Data items:
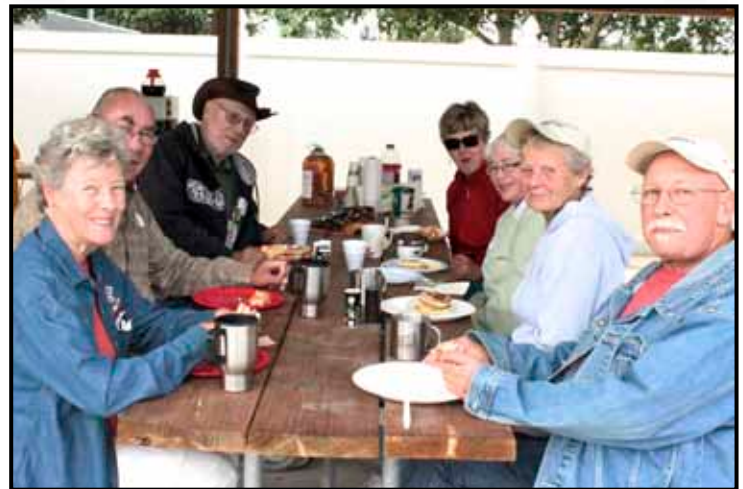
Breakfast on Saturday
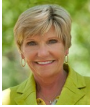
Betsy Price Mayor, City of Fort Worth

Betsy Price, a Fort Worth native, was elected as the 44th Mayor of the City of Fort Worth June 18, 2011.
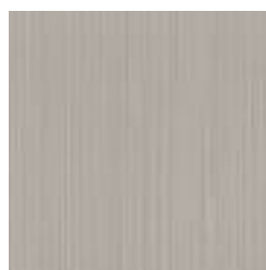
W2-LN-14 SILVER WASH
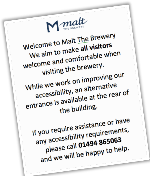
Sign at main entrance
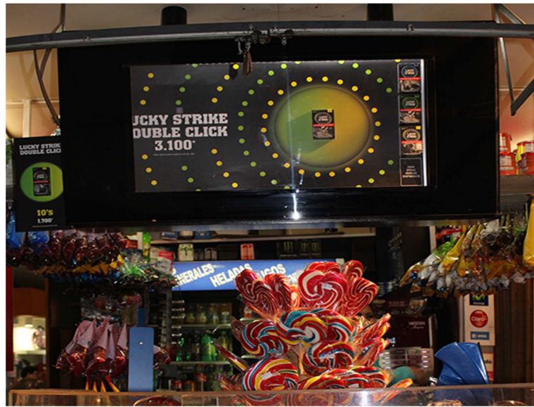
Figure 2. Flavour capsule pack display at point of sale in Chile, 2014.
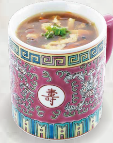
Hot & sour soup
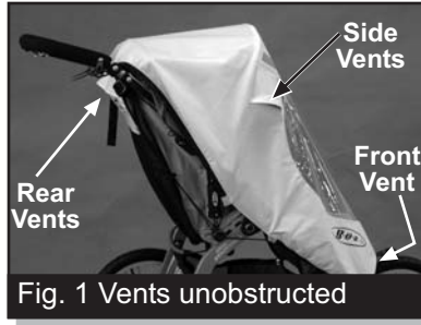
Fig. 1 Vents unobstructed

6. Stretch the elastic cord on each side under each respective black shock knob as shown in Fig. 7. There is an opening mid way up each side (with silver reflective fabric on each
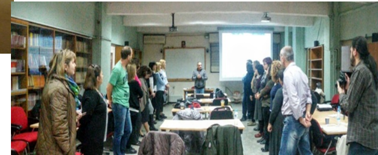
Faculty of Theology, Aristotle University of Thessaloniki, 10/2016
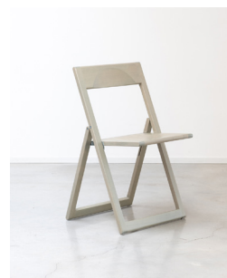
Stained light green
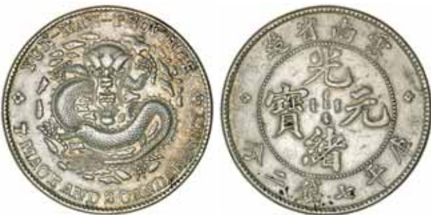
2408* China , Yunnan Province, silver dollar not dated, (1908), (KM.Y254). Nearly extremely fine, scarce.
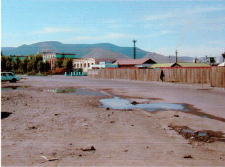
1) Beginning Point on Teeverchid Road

---

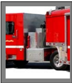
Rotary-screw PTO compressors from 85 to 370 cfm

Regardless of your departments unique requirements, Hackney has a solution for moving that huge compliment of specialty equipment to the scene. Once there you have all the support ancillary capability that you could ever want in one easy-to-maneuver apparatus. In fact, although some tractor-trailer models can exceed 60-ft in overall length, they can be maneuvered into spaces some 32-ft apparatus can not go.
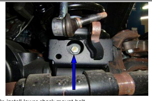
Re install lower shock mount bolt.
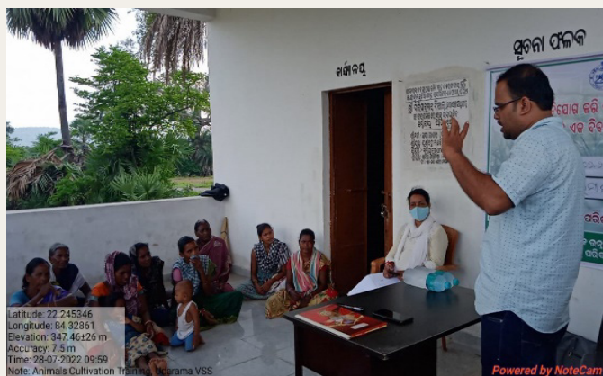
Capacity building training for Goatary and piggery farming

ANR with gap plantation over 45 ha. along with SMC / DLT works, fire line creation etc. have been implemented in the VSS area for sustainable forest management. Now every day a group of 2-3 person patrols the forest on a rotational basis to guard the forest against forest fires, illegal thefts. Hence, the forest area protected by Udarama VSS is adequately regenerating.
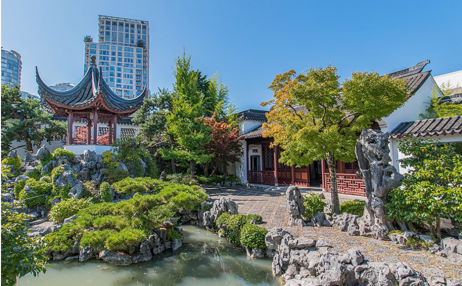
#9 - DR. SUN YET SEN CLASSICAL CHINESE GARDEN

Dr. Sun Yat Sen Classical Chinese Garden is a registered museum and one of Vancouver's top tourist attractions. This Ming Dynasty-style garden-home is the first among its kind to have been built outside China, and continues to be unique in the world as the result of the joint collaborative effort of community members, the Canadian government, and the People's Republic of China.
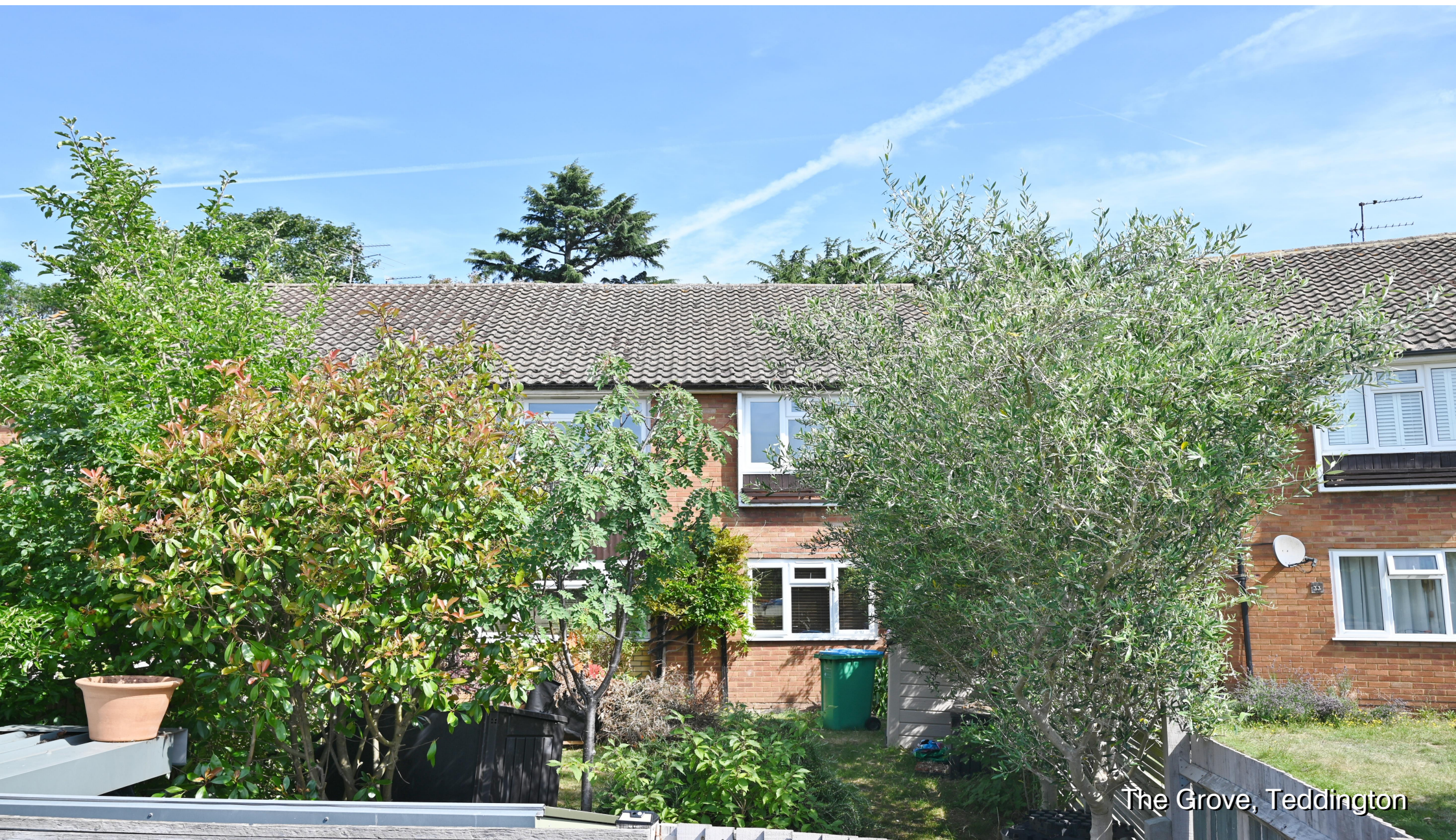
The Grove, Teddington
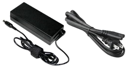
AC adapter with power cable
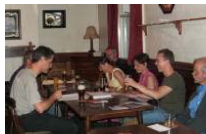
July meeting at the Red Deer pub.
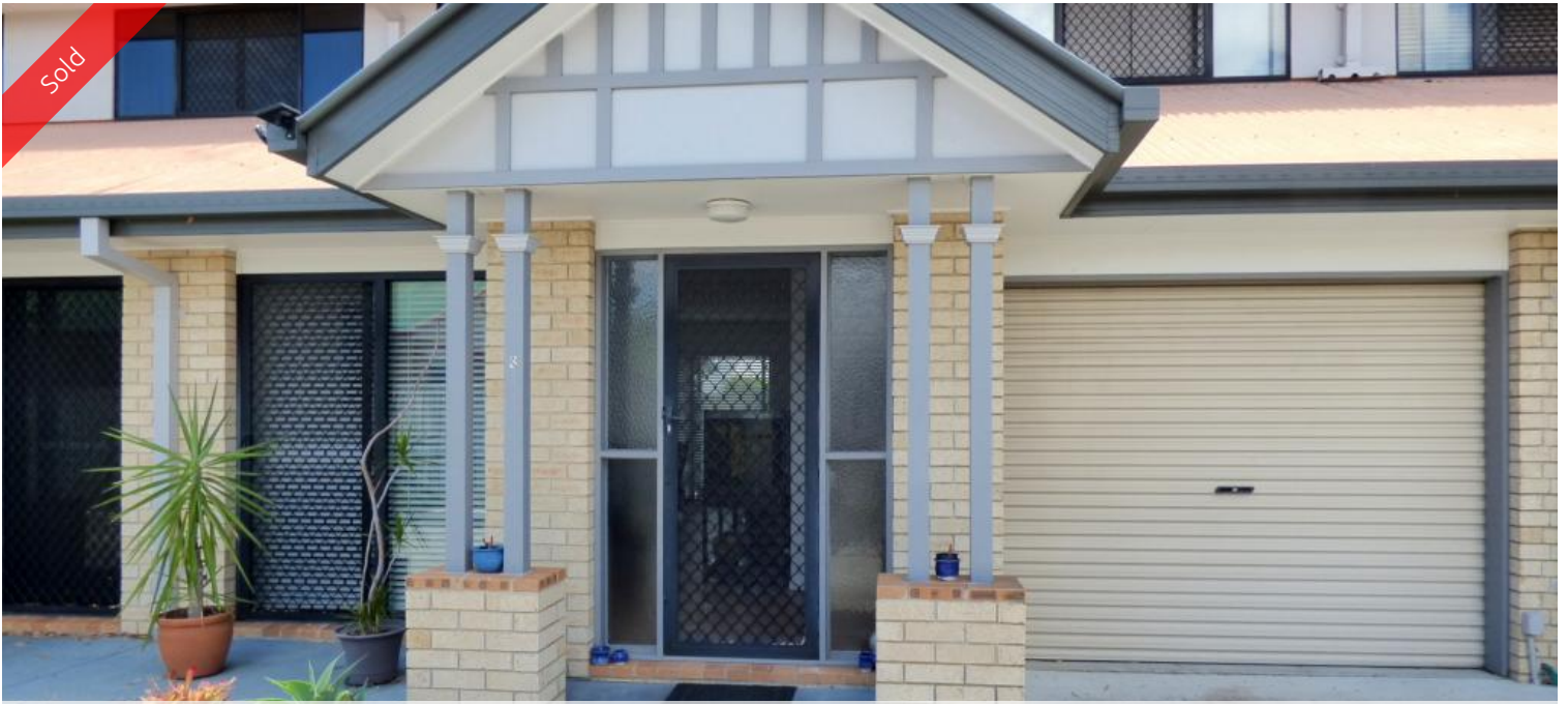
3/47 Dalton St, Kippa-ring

--

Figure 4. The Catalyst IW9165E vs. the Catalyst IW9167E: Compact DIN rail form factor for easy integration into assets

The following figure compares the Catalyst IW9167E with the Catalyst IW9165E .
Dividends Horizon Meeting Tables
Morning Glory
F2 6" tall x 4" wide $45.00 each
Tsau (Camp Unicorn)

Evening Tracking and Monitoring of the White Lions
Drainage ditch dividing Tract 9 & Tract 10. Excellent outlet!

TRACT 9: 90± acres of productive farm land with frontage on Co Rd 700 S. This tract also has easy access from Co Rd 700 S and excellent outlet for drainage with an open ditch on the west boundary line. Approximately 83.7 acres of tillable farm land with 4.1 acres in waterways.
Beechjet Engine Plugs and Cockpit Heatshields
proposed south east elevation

» **Work to complete**:
Lines with the word "Worth": how many appear in the data? State only the number.

» **Answer below**:
2